Action item:
Write each line out exactly, from the one containing "Product Detail Page" through the final line of the data, and keep pictures out of the copy.

##### Source information #####

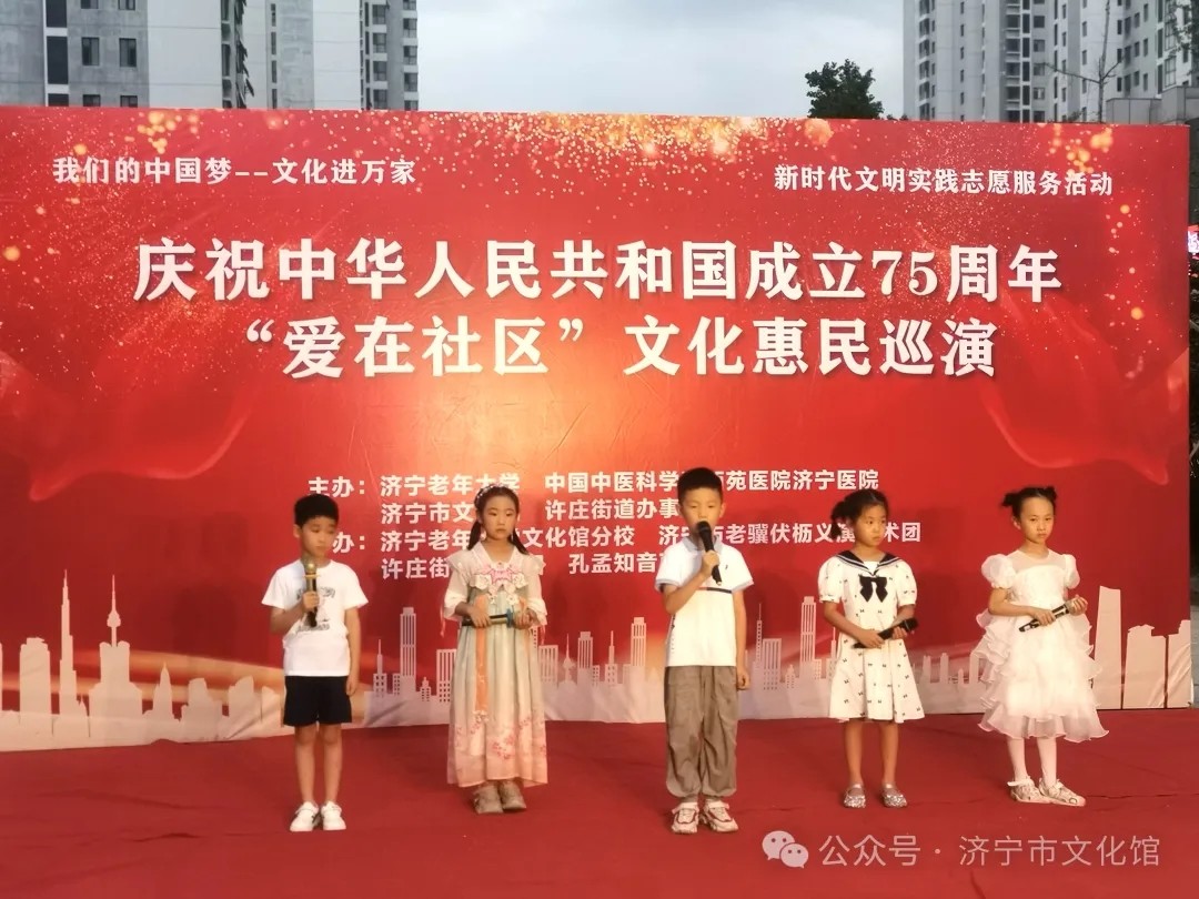 2024年7月20日,为庆祝中华人民共和国成立75周年,丰富驻地居民精神文化生活,由济宁市文化馆、济宁老年大学、许庄街道办事处主办的庆祝中华人民共和国成立75周年,在许庄街道明德花园社区成功举办。
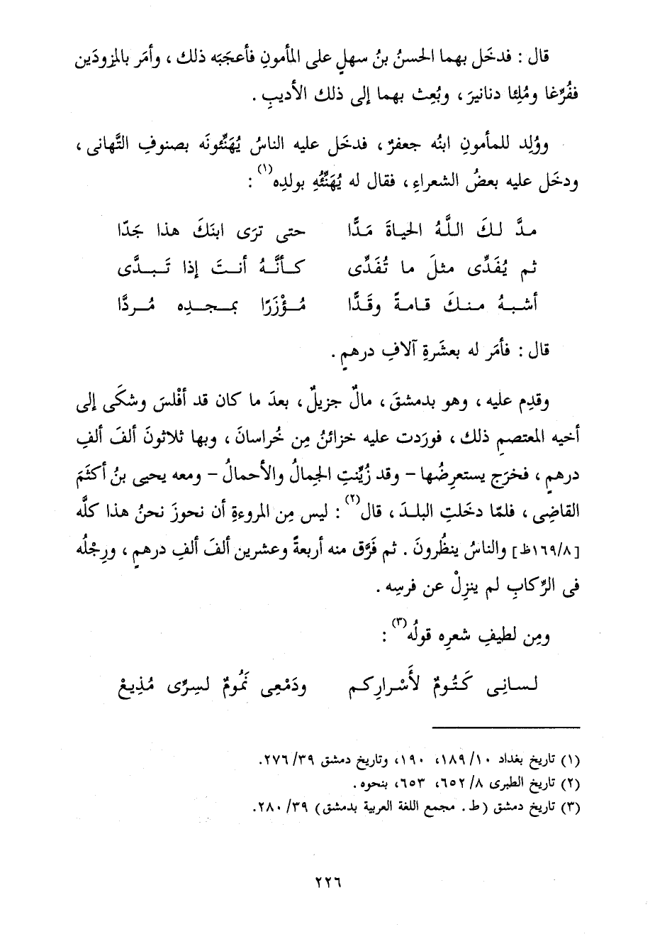 وَوُلِدَ لِلْمَأْمُونِ ابْنُهُ جَعْفَرٌ فَدَخَلَ عَلَيْهِ النَّاسُ يُهَنِّئُونَهُ بِصُنُوفِ التَّهَانِي، وَدَخَلَ عَلَيْهِ بَعْضُ الشُّعَرَاءِ، فَقَالَ لَهُ يُهَنِّئُهُ بِوَلَدِهِ:
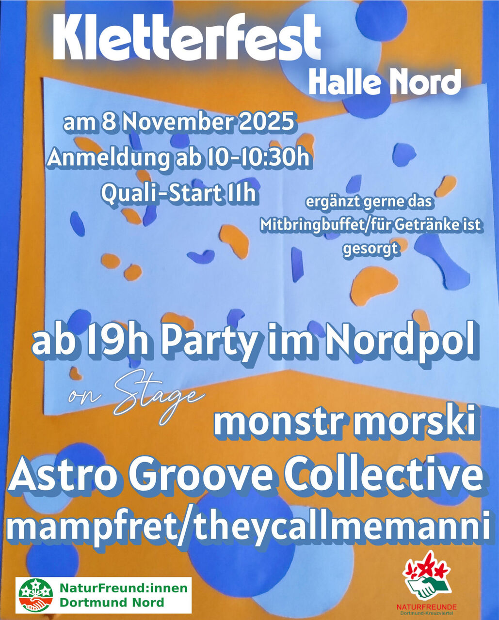Die Klettergruppen der OG Dortmund Kreuzviertel und der OG Dortmund Nord feiern das Saisonende mit einem Kletterfest in der Sporthalle Nord I und anschließender Party im Nordpol.
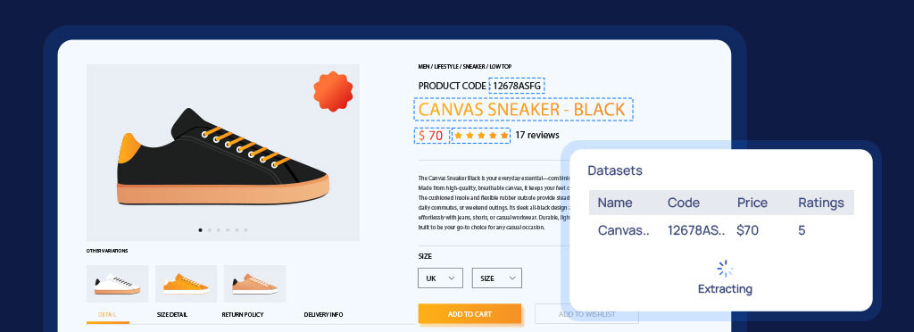 Product Detail Page (PDP) data extraction is the process of collecting every key detail from competitor product pages, including prices, discounts, stock status, variations, shipping options, delivery estimates, ratings, and promotional messages.
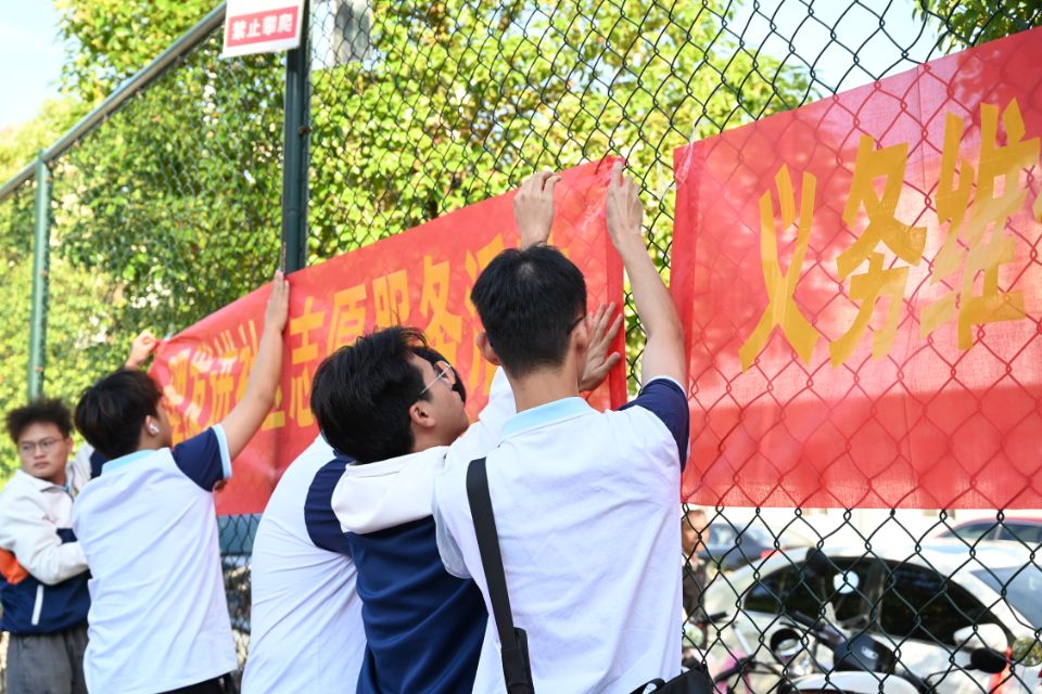 同學(xué)們認(rèn)真布置活動(dòng)現(xiàn)場

#####

Written solution:
 Product Detail Page (PDP) data extraction is the process of collecting every key detail from competitor product pages, including prices, discounts, stock status, variations, shipping options, delivery estimates, ratings, and promotional messages.
 同學(xué)們認(rèn)真布置活動(dòng)現(xiàn)場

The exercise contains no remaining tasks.